# Signs of Recovery? Receiver Appointed to Mansfield's Citywest



## onq (7 Jul 2010)

[broken link removed]

Wasn't aware of the size this place had grown to - I read it was 1700 rooms - Is that correct?

If so its easy to see why it couldn't continue to trade in the current downturn - how would you fill them all.

ONQ.


----------



## Howitzer (7 Jul 2010)

I'd see it as a sign of progress.


----------



## onq (8 Jul 2010)

I doubt that the residents in the town of Saggart where many of the 400+ workforce live, would share your opinion.

ONQ.


----------



## Bob_tg (8 Jul 2010)

All this spare capacity probably explains why he was trying to set up a student village for the Saudis.


----------



## Purple (29 Jul 2010)

It was a stupid project from day one.


----------



## onq (13 Sep 2010)

What was stupid about it, Purple?

His original plans near and around the Hotel included a conference centre, an F1 track down the road and a private airport at the aerodrome, all balanced to benefit from a boyant economy an dcreate jobs.
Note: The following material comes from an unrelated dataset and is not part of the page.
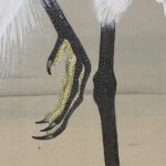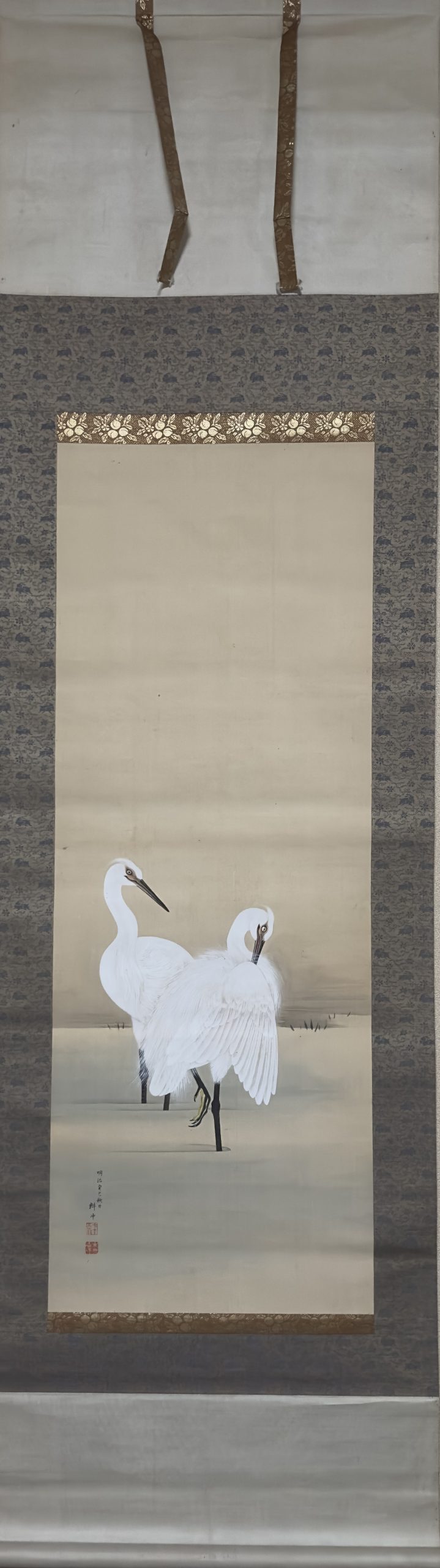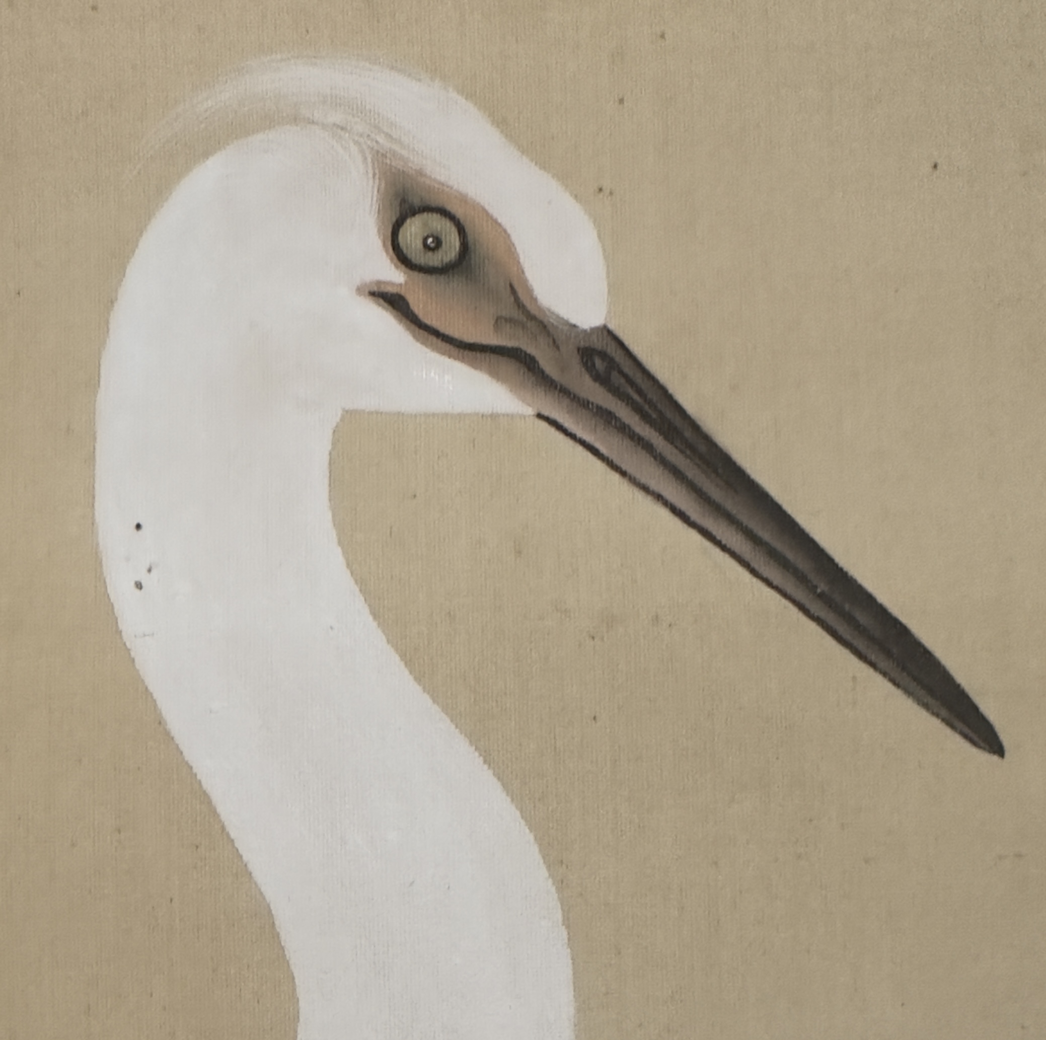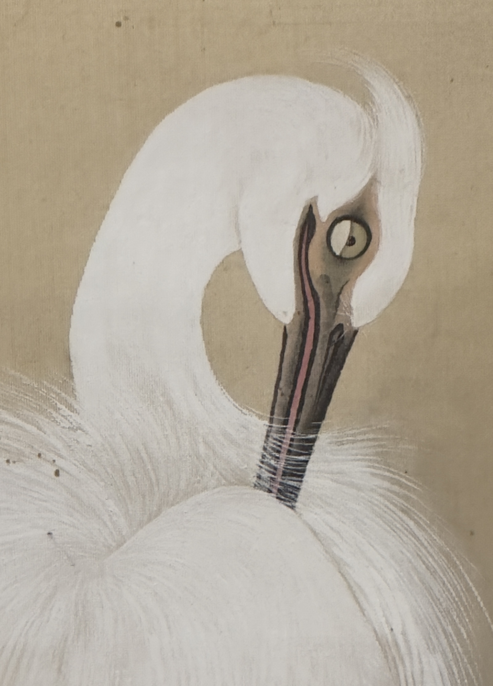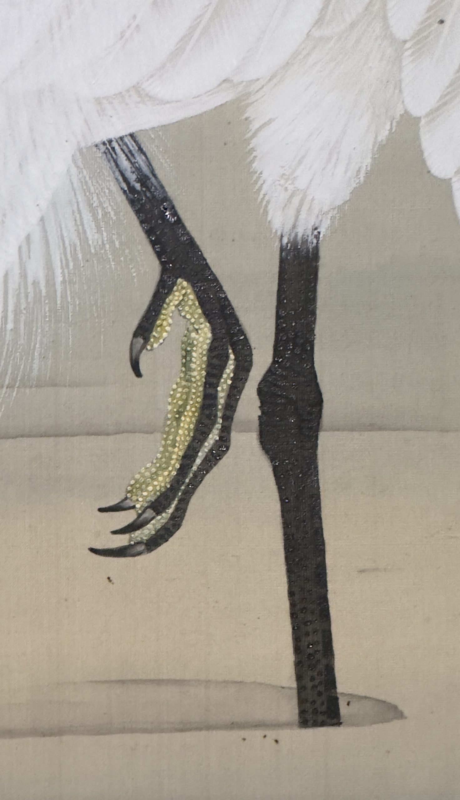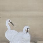 The eyes of the egret on the left, stretching its neck, are painted with white dots and shine brightly. Perhaps it has spotted its prey. The natural gradation of the black ink from the tip of the heron’s beak to the tip of its neck is also beautifully rendered.

Many things are stupid in retrospect, but at the time he was willing to put his money where his mouth is and invest in Ireland and make some profit.

ONQ.


----------



## Howitzer (13 Sep 2010)

He was not however prepared to comply with virtually ANY planning laws in ANY of his enterprises. 

I'm quite happy to say his projects were stupid in retrospect as he was equally happy in applying for his planning only in retrospect.


----------



## ANORAKPHOBIA (13 Sep 2010)

"but at the time he was willing to put his money where his mouth is and invest in Ireland and make some profit."

It might have been his mouth but I would think it will probably transpire to be our money.


----------



## tvman (13 Sep 2010)

onq said:


> His original plans near and around the Hotel included a conference centre, an F1 track down the road and a private airport at the aerodrome, all balanced to benefit from a boyant economy an dcreate jobs.
> ONQ.



Does that plan not sound the tiniest bit stupid to you - this is Ireland, not Monaco, even during the bubble


----------



## mackthencack (13 Sep 2010)

ANORAKPHOBIA said:


> "but at the time he was willing to put his money where his mouth is and invest in Ireland and make some profit."
> 
> It might have been his mouth but I would think it will probably transpire to be our money.


 
yeah!


----------